╭──

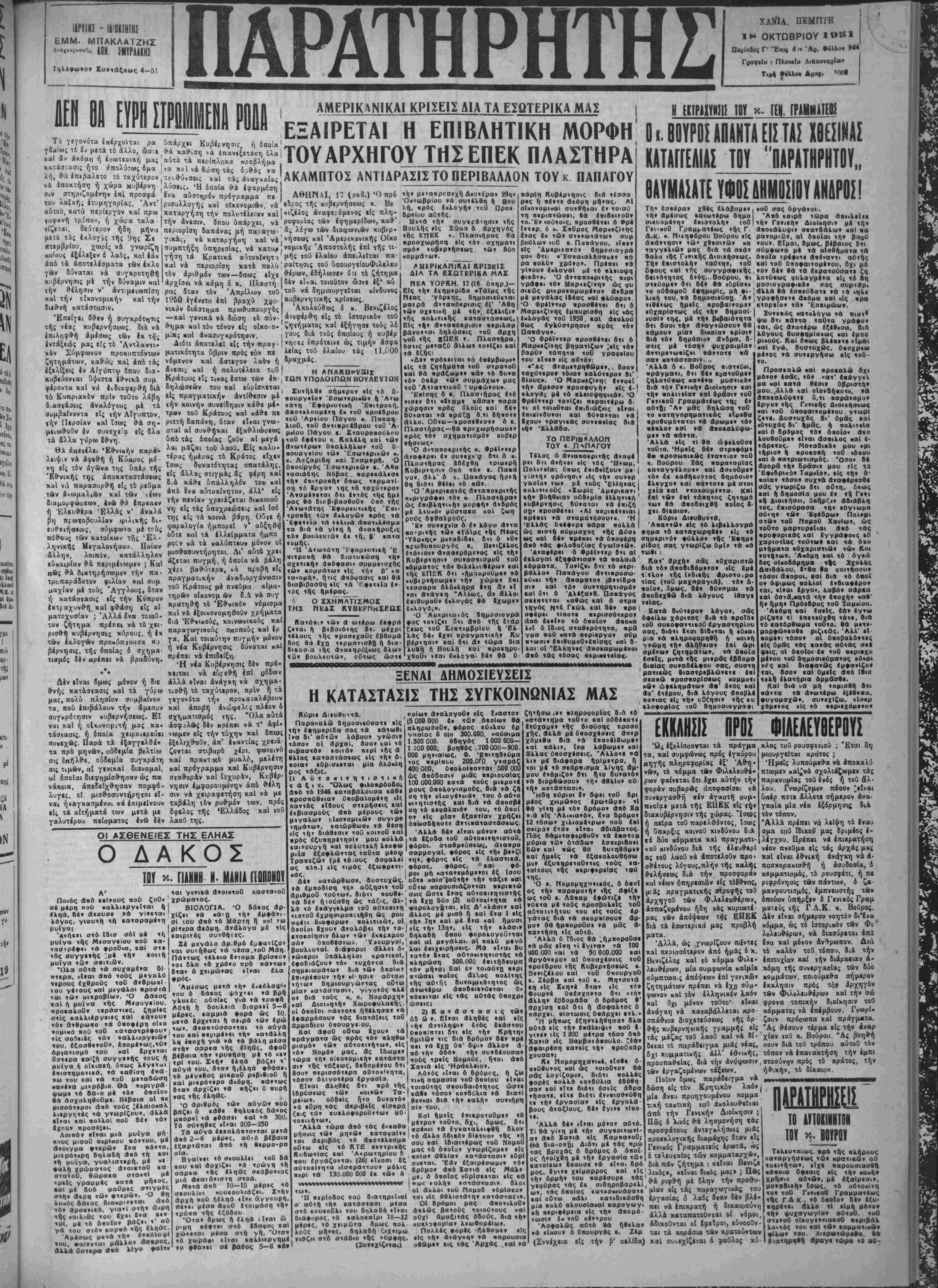 χίζει νά κά<ο τή· εμ«ά»ι σί τού άνό τό Μάρτη ή «αί τω ρΐτερα άκόμη, άνάλογα μέ τίς καιριιές συτθήκς. Σέ μεγάλο άρ.θμό έμ·α»ίζο» ται συιήθως τα 'ΐέσα,τοθ Μάη Πάντως τελεία Εντομα βρΐσκον ται δλο τό χρόνο πρό πάντων δτα» 6 χιιμώνας «1·αι έλα «ρός. Άμέσως μ«τά τήν έ.ΐόλαψΙ» τού ό δάκος ψάχι«ι νά βρή γλοιές οΰσΐις Υιά νά τοα«ή Αυτή ή δουλιιά διαρ««ί 5—6 μέρες. καμμιά «ορά ώς 10, μετά Ερχεται ή σειρά των Ιρώ των, άναντύσσονται τα αθγά τού καί νιοφένιι τήν «ατάλλη τή* επιτροιΐήν δνως οη τό Ιργον της τό ταχύτερον Λναμένεται βτι έντός τής ήμε ρας θά βιοβιβασθοθν ΰνό τής Ανωτάτης '1£«ορ«υτι«ής Επι- τροπής των βκλο,γων νρός τα τα διά νά γίνη ή άναιήρυξις των βουλιυτών έκ τή. Β' κατα νομής. Ή Ά«ωτάτη Τ«οριυτιε.ή Έ νιτροπή θά διατυπώση την σχετικήν άπό«ασι» συμμετοχής των κομμάτων ·1ς την τανομήν, ήτις απόφασις καί θά διαβιβασθή «Ις τα Ή««τ·ΐα έν τος τής ημέρας.__ Ο ΣΧΗΜΛΤΙΣΜθε ΤΗ2 ΝΕΔΣ ΚΥΒΕΡΝΗΣΕΩΣ Κατόηι» των ά ωτερω ε«θρα εται ή βιβαιόιης Οτ. μεχρι τΑλους τής «ροσεχαθς έθοομά 6ος θά ϊχπ τερματισθή ή 6ια- Οκασ.α τής άναεηρύ£«ως δλω» των βουλιυτων, ούτως ώστε Είς την έςτημερίβα «Τάϊμς τής ΝΙας 'γόριης, δημοσιιύεται μαιρά άντανόιρισις έί' Άθη «α» σχετική μέ την, εξέλιξιν ή λή νάρΕη Κυβέρνησις διά τίσσα ρες ή νέντε άκόμη μήνας. ΑΙ οΐΝθνομκαί συνθήκαι έν τοιαύ τη περιπτώσει, θα Ενιδειτοθν το.Έν «ούτοις, «ροσθετει ό Φρί Ιντερ, ό ». Σ«0ρος Μαριεζίιης 6»ας ε« των στενωτάτων συμ βούλων ΐοθ κ. Πανάγου, ε!·«ν είς Αμερικανόν δημοσιογρά φόν δτΐ: «Έσαα<αλήσαυετ νά ρα νολύν χρόνον. ΠρΙνει νά γίνουν εκλογαί μέ τό «λειοψη οιεότ». Ό άντανοκριτής π8ρι γράοει τόν ΜαρκιζΙνην ώς φυ σικώς μικροΐαμωμενο» άνδρα μέ μεγάλας Ιδίας «αι «λύαρον. •Ο ΦρεΙντερ ·ροσθ«τει 6τι δ ΜαρκεζΙνης έμαυρΐσθη είς «άς ύ 1950 ί ά τής νολιτιιής καταστάσιως. ι εκλογάς τού 1950 καί άκολοΰ Είς τήν άντανόκρισιν πιριλαμ βάνονται δηλώσεις τοθ άρχη γοθ τής ΙΠΕΚ ν. Πλαστήρα, όστις μεταξό άλλω* τονΐζει καί τα εξής: «Δέν νρόιιιται νά ένέμβωμε» είς τα ζητήματα τοθ στρατοθ ναΐ θά πράξωμεν νβν τό βυνα τόν υπέρ των συμμάχων μας τοθ Άτΐιαντικοθ ' υμ«ώνου». ΈπΙσης δ κ, Πλαστήρας £τ6 νισ«ν δτι «Ιιαμι πάσα» πσρα χώρησι» πρός όλους «αι βέν δύναται *ά πρόξα δ,τι βήποτι άΊιλο. Ούτω—προσέθισεν ό κ. Πλαστήρας—θά νροχωρήσωμιν πρός τόν σχηματισμόν κυβερ νήσιως» Ο ά>ταηοκριτής κ. Φρέΐντιρ
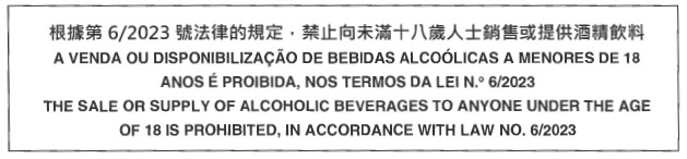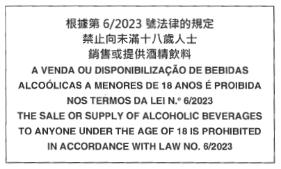 | 中文 | 根據第6/2023號法律的規定,禁止向未滿十八歲人士銷售或提供酒精飲料 |
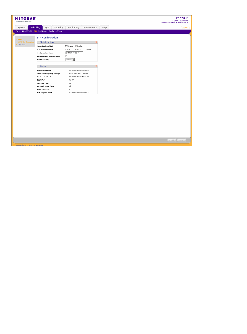 • STP Operation Mode – Specifies the STP mode enabled on the device. The possible field
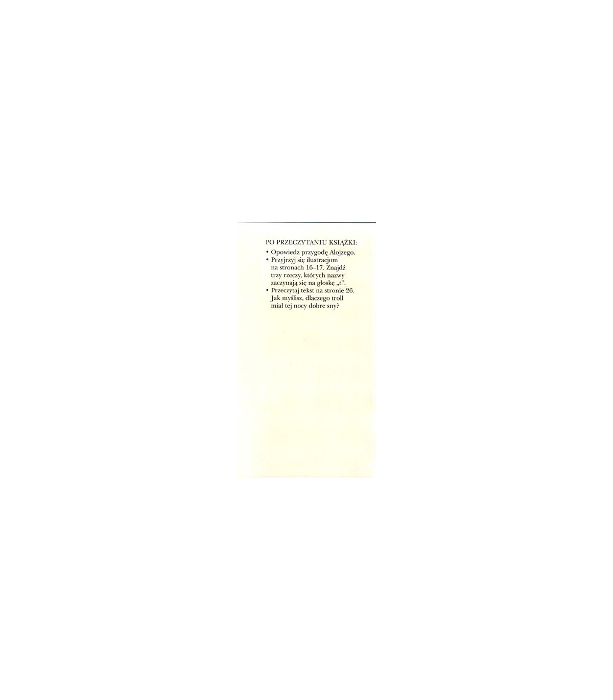 Koc trolla Alojzego. Czytam sobie, poziom pierwszy - Składam słowa, to doskonały wybór na dobry początek czytania. Prostą, ale zabawną historię stworzyła Zofia Stanecka, autorka bestsellerowej, uwielbianej przez rodziców i dzieci serii książek o Basi. Dowcipne ilustracje stworzyła znana rysowniczka Jona Jung. Historia opowiada o trollu Alojzym, który w prezencie od kuzyna dostał cieplutki i miły kocyk. Okrycie bardzo przypadło mu do gustu.

╰──

WHAT NEEDS TO BE DONE =
Return the complete material above exactly, with no picture.

EXERCISE ANSWER =
 χίζει νά κά<ο τή· εμ«ά»ι σί τού άνό τό Μάρτη ή «αί τω ρΐτερα άκόμη, άνάλογα μέ τίς καιριιές συτθήκς. Σέ μεγάλο άρ.θμό έμ·α»ίζο» ται συιήθως τα 'ΐέσα,τοθ Μάη Πάντως τελεία Εντομα βρΐσκον ται δλο τό χρόνο πρό πάντων δτα» 6 χιιμώνας «1·αι έλα «ρός. Άμέσως μ«τά τήν έ.ΐόλαψΙ» τού ό δάκος ψάχι«ι νά βρή γλοιές οΰσΐις Υιά νά τοα«ή Αυτή ή δουλιιά διαρ««ί 5—6 μέρες. καμμιά «ορά ώς 10, μετά Ερχεται ή σειρά των Ιρώ των, άναντύσσονται τα αθγά τού καί νιοφένιι τήν «ατάλλη τή* επιτροιΐήν δνως οη τό Ιργον της τό ταχύτερον Λναμένεται βτι έντός τής ήμε ρας θά βιοβιβασθοθν ΰνό τής Ανωτάτης '1£«ορ«υτι«ής Επι- τροπής των βκλο,γων νρός τα τα διά νά γίνη ή άναιήρυξις των βουλιυτών έκ τή. Β' κατα νομής. Ή Ά«ωτάτη Τ«οριυτιε.ή Έ νιτροπή θά διατυπώση την σχετικήν άπό«ασι» συμμετοχής των κομμάτων ·1ς την τανομήν, ήτις απόφασις καί θά διαβιβασθή «Ις τα Ή««τ·ΐα έν τος τής ημέρας.__ Ο ΣΧΗΜΛΤΙΣΜθε ΤΗ2 ΝΕΔΣ ΚΥΒΕΡΝΗΣΕΩΣ Κατόηι» των ά ωτερω ε«θρα εται ή βιβαιόιης Οτ. μεχρι τΑλους τής «ροσεχαθς έθοομά 6ος θά ϊχπ τερματισθή ή 6ια- Οκασ.α τής άναεηρύ£«ως δλω» των βουλιυτων, ούτως ώστε Είς την έςτημερίβα «Τάϊμς τής ΝΙας 'γόριης, δημοσιιύεται μαιρά άντανόιρισις έί' Άθη «α» σχετική μέ την, εξέλιξιν ή λή νάρΕη Κυβέρνησις διά τίσσα ρες ή νέντε άκόμη μήνας. ΑΙ οΐΝθνομκαί συνθήκαι έν τοιαύ τη περιπτώσει, θα Ενιδειτοθν το.Έν «ούτοις, «ροσθετει ό Φρί Ιντερ, ό ». Σ«0ρος Μαριεζίιης 6»ας ε« των στενωτάτων συμ βούλων ΐοθ κ. Πανάγου, ε!·«ν είς Αμερικανόν δημοσιογρά φόν δτΐ: «Έσαα<αλήσαυετ νά ρα νολύν χρόνον. ΠρΙνει νά γίνουν εκλογαί μέ τό «λειοψη οιεότ». Ό άντανοκριτής π8ρι γράοει τόν ΜαρκιζΙνην ώς φυ σικώς μικροΐαμωμενο» άνδρα μέ μεγάλας Ιδίας «αι «λύαρον. •Ο ΦρεΙντερ ·ροσθ«τει 6τι δ ΜαρκεζΙνης έμαυρΐσθη είς «άς ύ 1950 ί ά τής νολιτιιής καταστάσιως. ι εκλογάς τού 1950 καί άκολοΰ Είς τήν άντανόκρισιν πιριλαμ βάνονται δηλώσεις τοθ άρχη γοθ τής ΙΠΕΚ ν. Πλαστήρα, όστις μεταξό άλλω* τονΐζει καί τα εξής: «Δέν νρόιιιται νά ένέμβωμε» είς τα ζητήματα τοθ στρατοθ ναΐ θά πράξωμεν νβν τό βυνα τόν υπέρ των συμμάχων μας τοθ Άτΐιαντικοθ ' υμ«ώνου». ΈπΙσης δ κ, Πλαστήρας £τ6 νισ«ν δτι «Ιιαμι πάσα» πσρα χώρησι» πρός όλους «αι βέν δύναται *ά πρόξα δ,τι βήποτι άΊιλο. Ούτω—προσέθισεν ό κ. Πλαστήρας—θά νροχωρήσωμιν πρός τόν σχηματισμόν κυβερ νήσιως» Ο ά>ταηοκριτής κ. Φρέΐντιρ
 | 中文 | 根據第6/2023號法律的規定,禁止向未滿十八歲人士銷售或提供酒精飲料 |
 • STP Operation Mode – Specifies the STP mode enabled on the device. The possible field
 Koc trolla Alojzego. Czytam sobie, poziom pierwszy - Składam słowa, to doskonały wybór na dobry początek czytania. Prostą, ale zabawną historię stworzyła Zofia Stanecka, autorka bestsellerowej, uwielbianej przez rodziców i dzieci serii książek o Basi. Dowcipne ilustracje stworzyła znana rysowniczka Jona Jung. Historia opowiada o trollu Alojzym, który w prezencie od kuzyna dostał cieplutki i miły kocyk. Okrycie bardzo przypadło mu do gustu.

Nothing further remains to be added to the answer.